Credit: FMI/Andreas Lüthi group
Our actions are driven by “internal states” such as anxiety, stress or thirst – which will strongly affect and motivate our behaviors. Not much is known about how such states are represented by complex brain-wide circuits, including sub-cortical structures such as the amygdala. In a study recently published in Science, the group of Andreas Lüthi at the Friedrich Miescher Institute for Biomedical Research (FMI) used a deep brain imaging technique to monitor amygdala activity in active mice and revealed the neuronal dynamics encoding behavioral states.
When a mouse is hungry, it is going to forage for food; when it is anxious, it is going to stop exploring its environment and freeze or flee. How such internal states correlate with the behavior of an animal has been studied in detail. However, little is known about how the brain encodes and controls internal states.
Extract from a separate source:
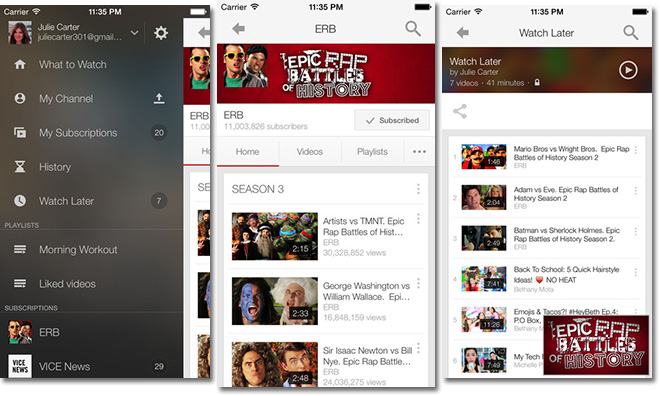 YouTube của Google cũng được cập nhật lên phiên bản mới để tối ưu cho bộ đôi iPhone 6/6 Plus. Phiên bản này cũng sẽ giúp người dùng sửa lỗi status bar ở phiên bản trước. YouTube cho iOS nặng 20.4MB và cho phép tải về sử dụng miễn phí từ App Store.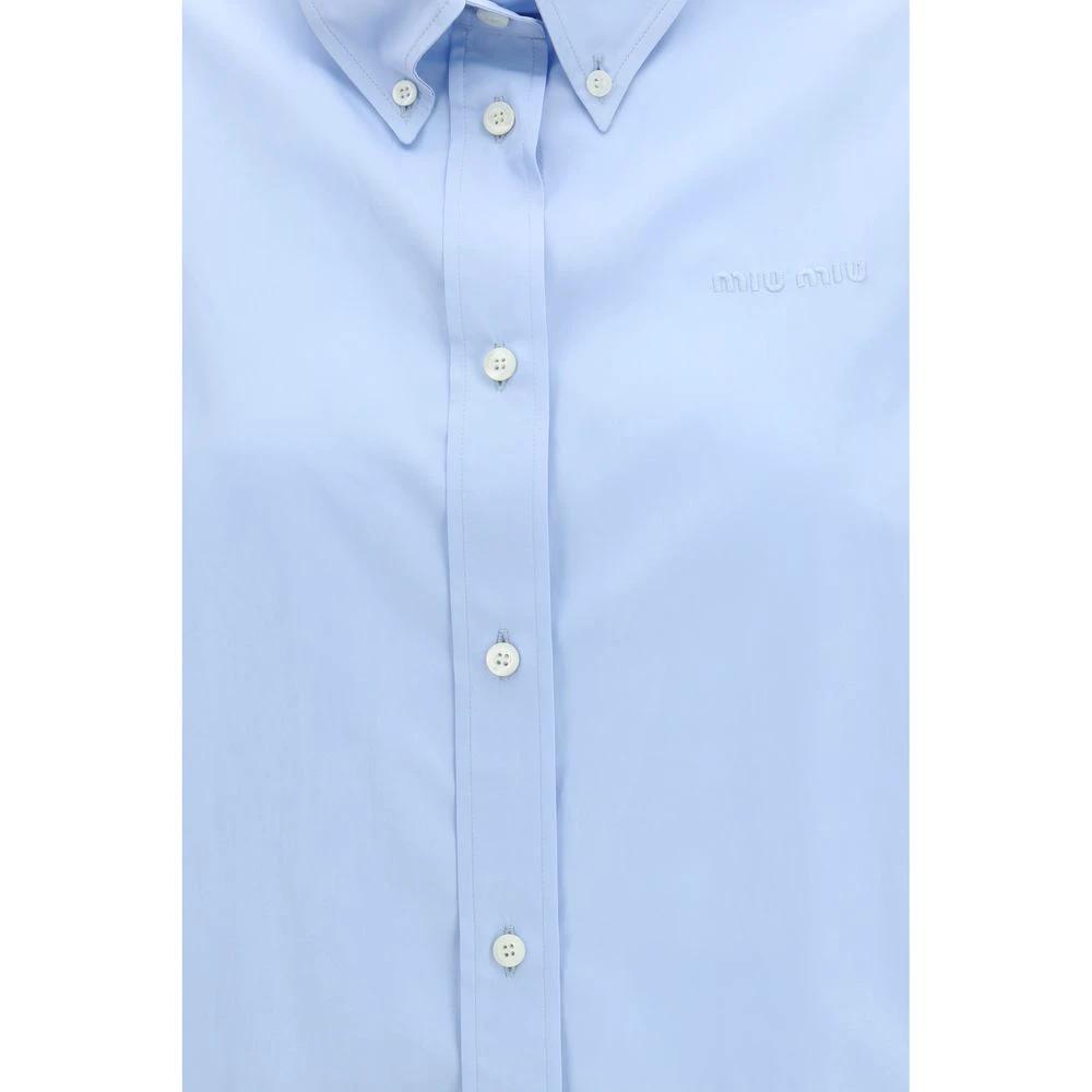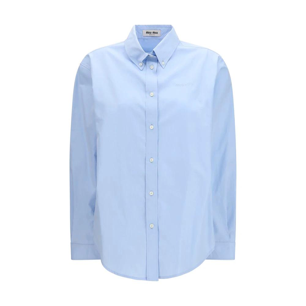 The embroidered Shirt by Miu Miu features a clean and refined design. It is defined by a button-down collar, front button closure, and long sleeves. The style is finished with a rounded hem and an embroidered logo, adding a distinctive contemporary touch.

Jan Gründemann, a SNF Ambizione Fellow in Lüthi’s group and now a professor at the University of Basel, joined forces with Yael Bitterman, a computational neuroscientist working as a postdoc in the Lüthi group, to investigate the neuronal activity in the amygdala of freely moving mice in various states. The amygdala is a small almond-shaped brain structure that is considered a hub for regulating affective, homeostatic (hunger and thirst) and social behaviors via widespread connections with many brain regions. The amygdala is suggested to play a role in the coordination of brain states, but that role is not well understood.
Using a miniaturized microscope imaging technique, Gründemann and Bitterman tracked neuronal activity in the amygdala of mice across different environments that prompted various internal states and behaviors. The results were rather unexpected: The researchers identified two large antagonistic sets of neurons – called ensembles – that were active in opposite behavioral states: When the mice were exploring their environment, neuronal ensemble 1 was active; when they were not exploring (meaning that they were in non-exploratory defensive states), neuronal ensemble 2 was active.
Surprisingly, the activity of the ensembles did not align with spatial areas generally associated with anxiety states such as the safe corners in an open field. Furthermore, the scientists did not expect that complex internal states and their behaviors would be coded with relatively simple, low-dimensional activity patterns in the amygdala. In summary, the study shows that the identified two neuronal ensembles encode opposing moment-to-moment state changes, especially regarding exploratory and defensive behaviors, but do not provide a measure of global anxiety levels of an animal.
“The power of this study is that we managed to interrogate the brain directly about the affective state the mouse is in,” says Lüthi. “If we want to understand a behavior, we need to understand the brain! Drawing conclusions simply based on standardized behavioral observations may be misleading – as we could show.” As a next step, the Lüthi group wants to find out more about how these active ensembles emerge in the amygdala, and how they can influence other regions in the brain.
Can these findings be relevant for human anxiety disorders? “The coding of internal states – such has anxiety – may work in a similar way in humans than in mice,” says Lüthi. “It’s conceivable that in a person with an anxiety disorder there is an imbalance between neuronal ensembles coding for distinct internal states. It will be interesting to test this hypothesis in animal models for psychiatric diseases.”